2. In the same way, every unmutated form ends with S except for the L on the left.
3. In the left half of the tree, from L to LS inclusive, every unmutated form starts with L, and mutation moves that L to the end. That's easy to prove, because in a product, the Ls move in tandem. The L in the left factor moves from the start to the center and the L in the right factor moves from the center to the end.
4. In the same way, in the right half of the tree, from LS to S inclusive, every unmutated form ends with S, and mutation moves that S to the start.

Have I managed to preserve the surprise? When a chunk is moved from the start to the end of an expansion, or vice versa, that's a rotation. Every mutated form is a rotation!

Now that we understand single mutations, we can use multiple mutations to convert the true pattern into the original pattern. All we have to do is walk down through the tree in breadth-first order and at each point make the right decision about whether to mutate.

In the original pattern, remember, we had solutions (u,v,w) that were normalized to have u > v > w (for u ≥ 5) and expansions that were defined as follows.

expansion(u) = expansion(v) & expansion(w)

Later, in Symmetries, we added the idea of large and small units, …

expansion(v)	= L
expansion(w)	= S

… and could write expansion(u) as simply LS.

In the true pattern, on the other hand, we have solutions (v,u,w) that may or may not have v > w. To reproduce the original pattern, we want the larger factor to come first, so if v > w, we should pick the unmutated form LS, while if v < w, we should pick the mutated form SL. And that does it! It really is that simple.

Here's what that means in practice.

• At depth 0, there's only one solution, (2,5,1), and we shouldn't mutate it.
• At every other depth, the solutions come in pairs with the same parent (v,u,w), so they look like (v,?,u) and (u,?,w), and we should mutate the first but not the second.

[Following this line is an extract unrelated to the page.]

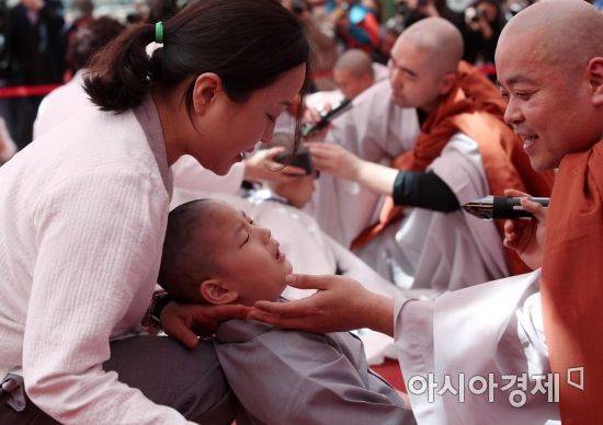 부처님오신날을 3주 가량 앞둔 22일 서울 종로구 조계사에서 열린 동자승 삭발 및 수계식에서 한 동자승이 투정을 부리고 있다./김현민 기자 kimhyun81@

Anyway, since every mutated form is a rotation, we've now proved that the expansions of the original pattern are rotations of the expansions of the true pattern (and vice versa). We can then use that fact to draw the same conclusions about the original pattern as about the true pattern.

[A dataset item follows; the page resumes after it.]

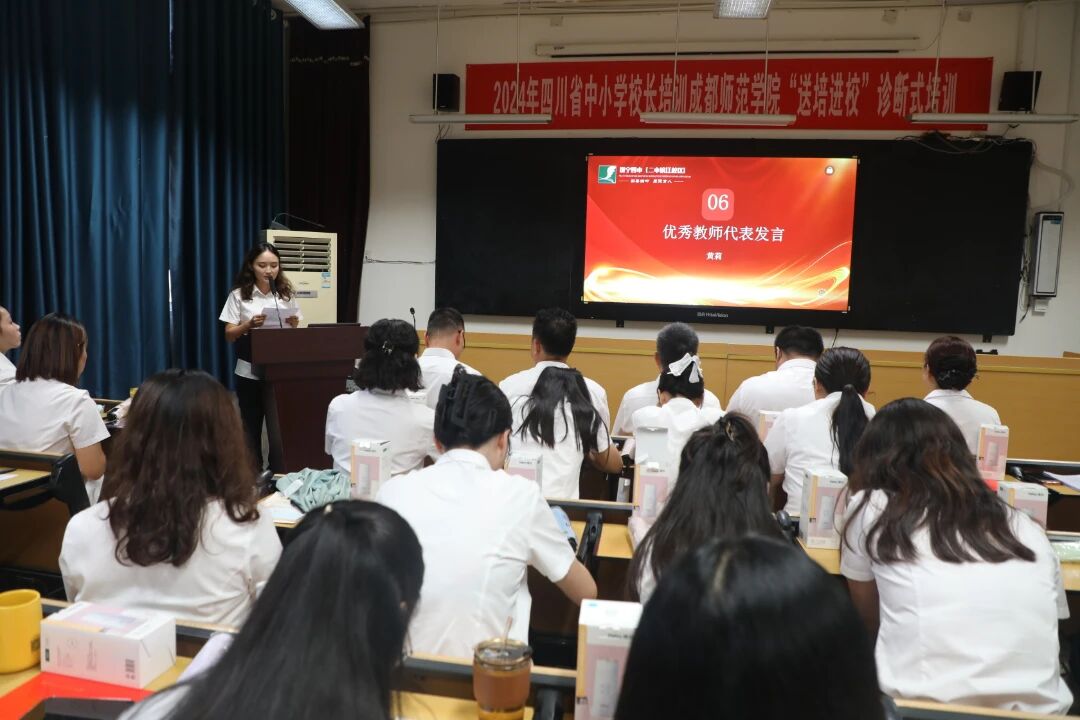 荣誉的背后,是无数个日夜的坚守与付出。优秀教师代表黄莉老师上台发言,她结合自己多年的教学经历,分享了对教育事业的理解与感悟。“教育不是单向的灌输,而是一场双向奔赴的旅程。我们用知识浇灌学生的成长,学生也用他们的纯真与进步治愈我们的疲惫。”黄老师表示,作为教师,要始终保持对教育事业的热爱,以严谨的态度对待每一堂课,以温暖的关怀对待每一个学生,努力成为有理想信念、有道德情操、有扎实学识、有仁爱之心的“四有”好老师。她的发言朴实无华却情真意切,道出了全体教师的共同心声,引发了在场教师的强烈共鸣。

• Rotation doesn't change the trace, and that gives us a cleaner way to prove that the traces are equal to 3u. And, either way, we know that D = 9u² − 4.
• Rotation does change the entry in the lower left corner, but it doesn't change the Markov constant. That's almost by definition, but if you'd like something more tangible, there's a detailed example in the second half of The Discriminant. So, we know that M ≥ (root D)/u.

That's still not a proof that the pattern holds, but it's pretty close!